• **Input material**:
━━━

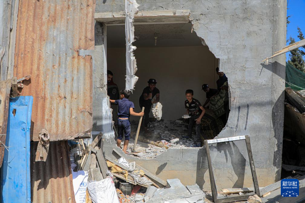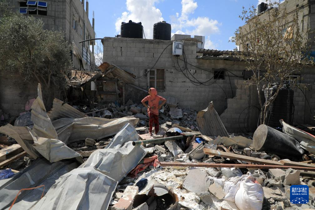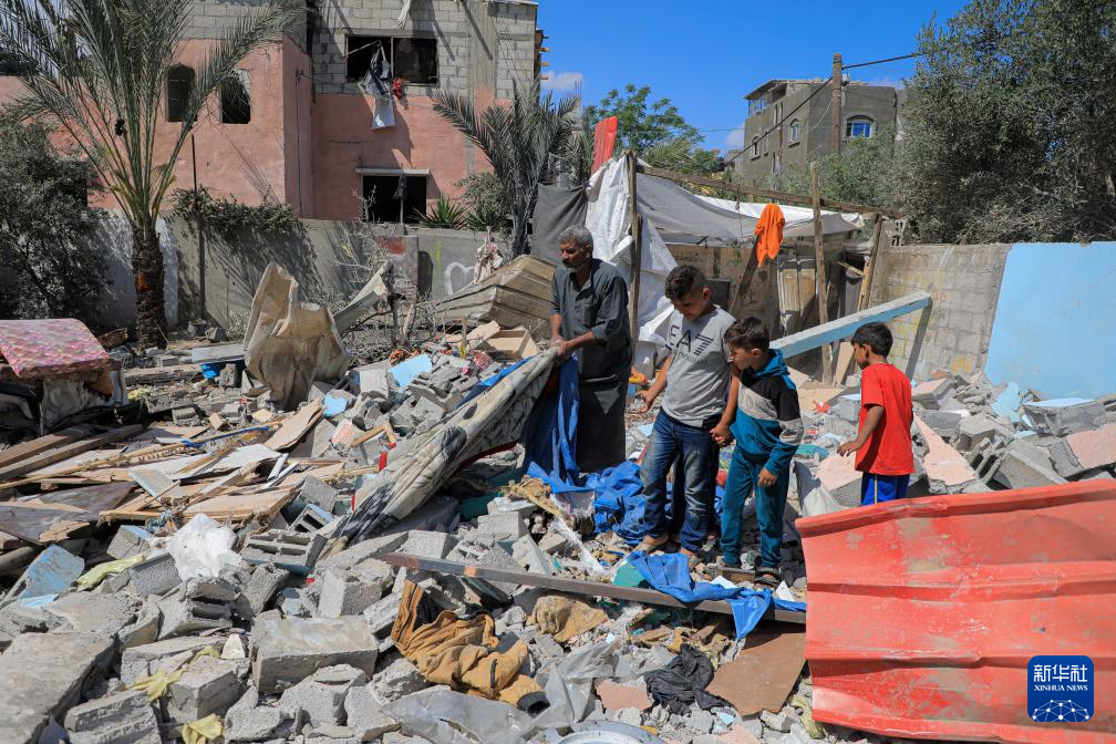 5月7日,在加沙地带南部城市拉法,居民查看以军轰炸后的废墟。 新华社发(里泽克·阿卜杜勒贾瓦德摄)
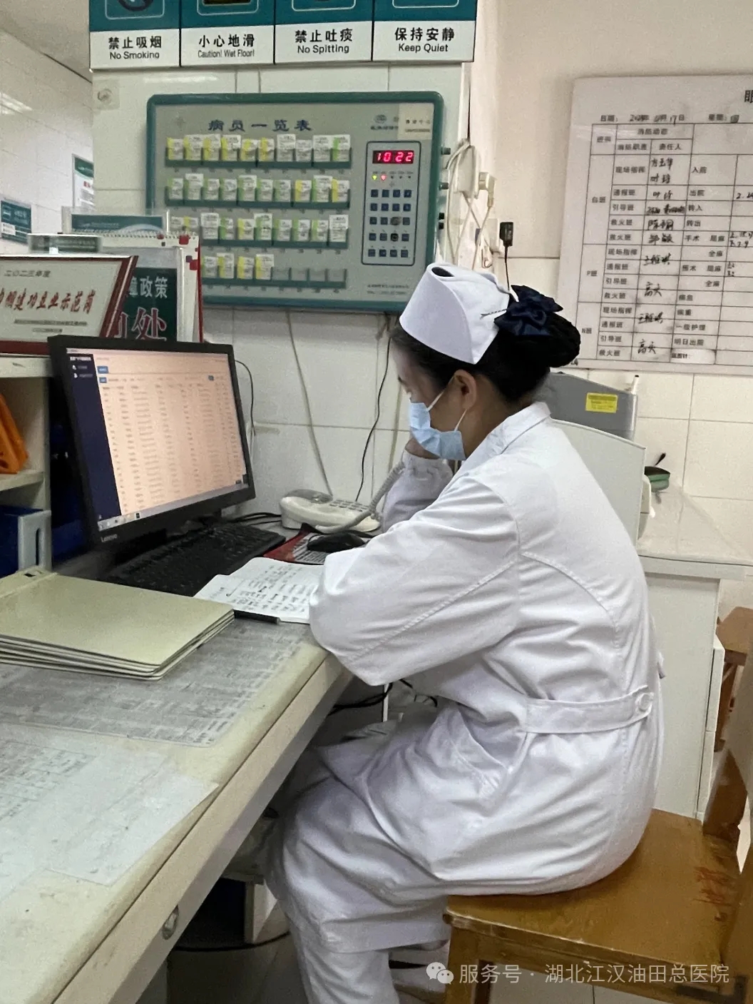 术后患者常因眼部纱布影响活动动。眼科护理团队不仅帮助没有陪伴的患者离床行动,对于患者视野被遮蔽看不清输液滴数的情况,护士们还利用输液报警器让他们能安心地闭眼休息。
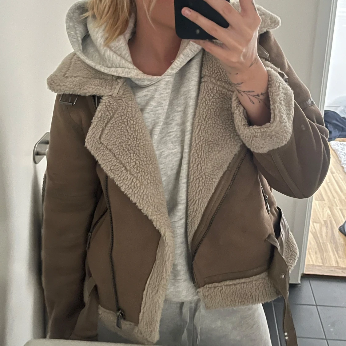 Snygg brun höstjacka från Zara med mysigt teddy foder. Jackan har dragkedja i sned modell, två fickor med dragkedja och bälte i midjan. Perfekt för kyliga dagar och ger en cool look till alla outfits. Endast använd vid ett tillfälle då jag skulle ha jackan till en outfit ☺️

━━━

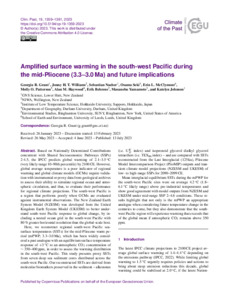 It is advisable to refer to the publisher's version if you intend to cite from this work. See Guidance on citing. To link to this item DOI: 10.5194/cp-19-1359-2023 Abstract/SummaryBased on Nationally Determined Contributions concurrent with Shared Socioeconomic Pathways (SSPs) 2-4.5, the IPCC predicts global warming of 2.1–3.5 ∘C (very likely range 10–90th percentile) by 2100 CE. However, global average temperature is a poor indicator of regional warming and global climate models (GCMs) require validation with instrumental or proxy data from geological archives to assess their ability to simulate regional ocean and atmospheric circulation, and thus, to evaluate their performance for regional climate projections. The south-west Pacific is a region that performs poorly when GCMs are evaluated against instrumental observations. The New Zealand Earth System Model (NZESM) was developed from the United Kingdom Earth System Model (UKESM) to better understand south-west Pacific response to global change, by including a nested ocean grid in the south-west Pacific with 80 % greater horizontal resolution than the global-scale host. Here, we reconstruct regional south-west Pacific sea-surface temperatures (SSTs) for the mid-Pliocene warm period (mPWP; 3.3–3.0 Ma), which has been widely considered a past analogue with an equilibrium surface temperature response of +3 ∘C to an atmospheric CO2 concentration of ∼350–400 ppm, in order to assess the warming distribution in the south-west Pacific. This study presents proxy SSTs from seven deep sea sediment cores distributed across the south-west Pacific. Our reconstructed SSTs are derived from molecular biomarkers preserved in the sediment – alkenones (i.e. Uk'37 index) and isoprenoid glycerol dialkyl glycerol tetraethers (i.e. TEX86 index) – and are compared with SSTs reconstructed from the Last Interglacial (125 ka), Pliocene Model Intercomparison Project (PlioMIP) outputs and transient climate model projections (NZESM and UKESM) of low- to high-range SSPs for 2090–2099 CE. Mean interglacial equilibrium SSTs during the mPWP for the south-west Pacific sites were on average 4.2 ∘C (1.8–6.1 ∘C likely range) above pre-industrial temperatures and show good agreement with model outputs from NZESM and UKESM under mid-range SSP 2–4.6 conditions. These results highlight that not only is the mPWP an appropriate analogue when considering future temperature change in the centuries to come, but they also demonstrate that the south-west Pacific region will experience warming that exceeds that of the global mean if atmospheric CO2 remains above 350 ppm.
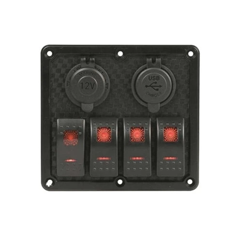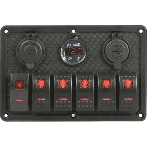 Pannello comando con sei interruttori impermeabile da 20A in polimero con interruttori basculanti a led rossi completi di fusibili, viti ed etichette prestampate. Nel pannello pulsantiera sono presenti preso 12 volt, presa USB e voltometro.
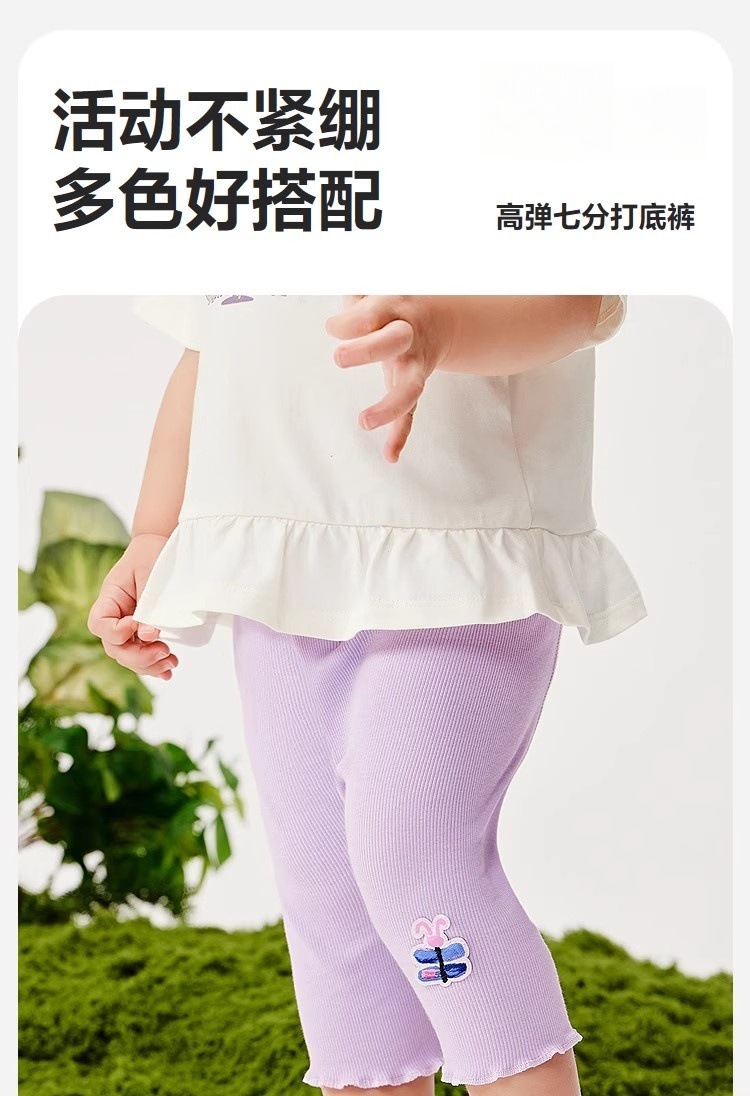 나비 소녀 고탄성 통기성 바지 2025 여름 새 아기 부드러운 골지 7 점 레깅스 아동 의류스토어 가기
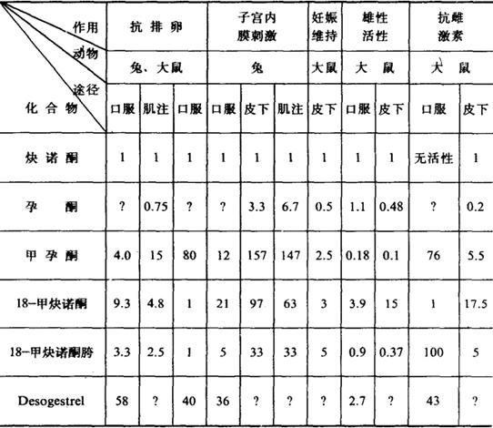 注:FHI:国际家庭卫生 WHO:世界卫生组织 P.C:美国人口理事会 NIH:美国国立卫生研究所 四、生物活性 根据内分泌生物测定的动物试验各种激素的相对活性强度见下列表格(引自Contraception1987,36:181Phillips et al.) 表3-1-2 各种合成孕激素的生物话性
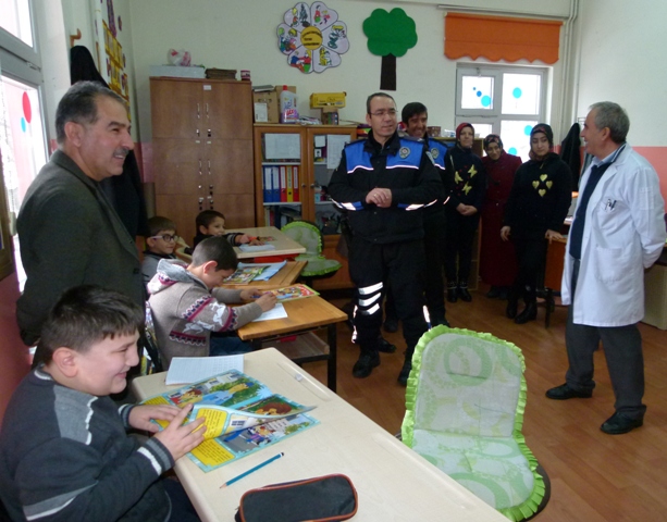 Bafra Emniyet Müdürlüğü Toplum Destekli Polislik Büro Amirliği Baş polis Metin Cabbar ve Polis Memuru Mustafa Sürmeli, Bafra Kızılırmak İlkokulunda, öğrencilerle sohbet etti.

━━━

• **Task brief**:
Using the entries above, write out exactly the lines from the one with "5月7日,在加沙地带南部城市" through the one with "Snygg brun höstjacka", ends included. Leave out any pictures.

• **Solution to the exercise**:
 5月7日,在加沙地带南部城市拉法,居民查看以军轰炸后的废墟。 新华社发(里泽克·阿卜杜勒贾瓦德摄)
 术后患者常因眼部纱布影响活动动。眼科护理团队不仅帮助没有陪伴的患者离床行动,对于患者视野被遮蔽看不清输液滴数的情况,护士们还利用输液报警器让他们能安心地闭眼休息。
 Snygg brun höstjacka från Zara med mysigt teddy foder. Jackan har dragkedja i sned modell, två fickor med dragkedja och bälte i midjan. Perfekt för kyliga dagar och ger en cool look till alla outfits. Endast använd vid ett tillfälle då jag skulle ha jackan till en outfit ☺️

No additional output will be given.